The Comprehensive Environmental Response, Compensation and Liability Act, which was passed in 1980, calls for the cleaning up, under EPA supervision, of abandoned hazardous waste sites that release pollutants into the environment. The EPA works at the Kalamazoo Superfund site in conjunction with state and regional interest groups.

The Potentially Responsible Party is an individual, corporation, or group that can be held financially responsible, at least in part, for the cleanup of the Superfund site. Recent court actions have resulted in the following companies being identified by the U.S. Environmental Protection Agency (EPA) as Potentially Responsible Parties for the Kalamazoo River: NCR, International Paper Company, Georgia-Pacific LLC, Weyerhaeuser and Millennium Holdings.

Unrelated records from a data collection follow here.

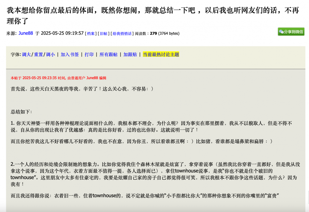 下面就是她扯我家人的截图,一页截图不下来, 我分成2页截了,她自己说出的东西赖别人,然后自己污言秽语扯别人的爸妈弟弟儿子,我娃还那么小呢, 她也真下得去手,最毒妇人心呀,文学城要讲理是不是该封禁June88? 她主动挑事我举报了没用, 删完贴大家照常, 等我忍无可忍回应便删我一人的ID,这哪里还有天理可言?
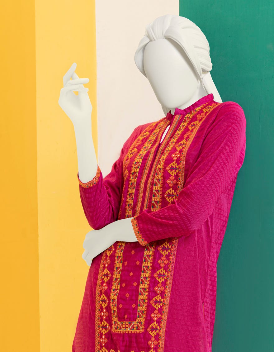 Additional Information: Vibrant Colored Hand-Woven Kurti, Embellished With Sheesha & Delicate Threadwork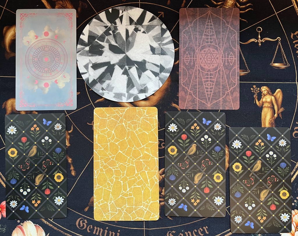 So, full disclosure, I had a totally different draw organization intended for this month, but the Secret Garden Tarot had other plans and very clearly spat out one card that landed face up on the left and two cards face down on the right. It seemed quite purposeful so I decided to let it be and draw my other cards around these three.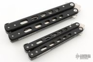 The Large Boker Plus G-10 Balisong is a smooth-gliding flipper. This Boker (Butterfly) has a spring-loaded latch that, with a firm squeeze, will pop open to allow quick, one-handed blade deployment. The handles are made from G-10 with stainless steel liners that look and feel fantastic. This is the large version.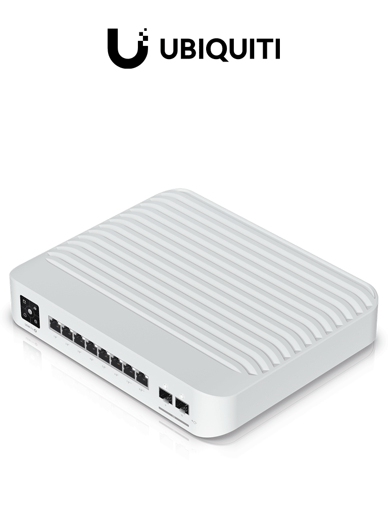 Un conmutador de capa 3 de 8 puertos con salida PoE+ y PoE++.

Polychlorinated biphenyls (PCB) constitute a wide array of now-banned organic chemicals with a variety of industrial applications. At the Kalamazoo River site, most PCBs are a result of the recycling of carbonless copy paper during the 1970s, the waste products from which were dumped into the river. PCBs were produced from 1929 to 1979, when they were banned by the Toxic Substances Control Act.

PCBs are human carcinogens, and can also have a negative effect on the human immune, reproductive, and endocrine systems. PCBs in the Kalamazoo River adhere to the fatty tissue of fish, and over time a process of bioaccumulation takes place, meaning that the PCBs appear in increasing concentrations in organisms higher up on the food chain, including humans. A report by the Michigan Department of Health in 2002 found that the Kalamazoo River is now safe for recreational use despite some PCB contamination.

The National Priorities List (NPL) allows for highly hazardous sites to be dealt with immediately. Substances deemed toxic are given Hazard Ranking System Package scores based on the level of toxicity and the potential hazard to human health and the ecosystem. Sites with Hazard Ranking System Package scores of 28.5 or higher out of 100 are placed on the NPL, pending official approval.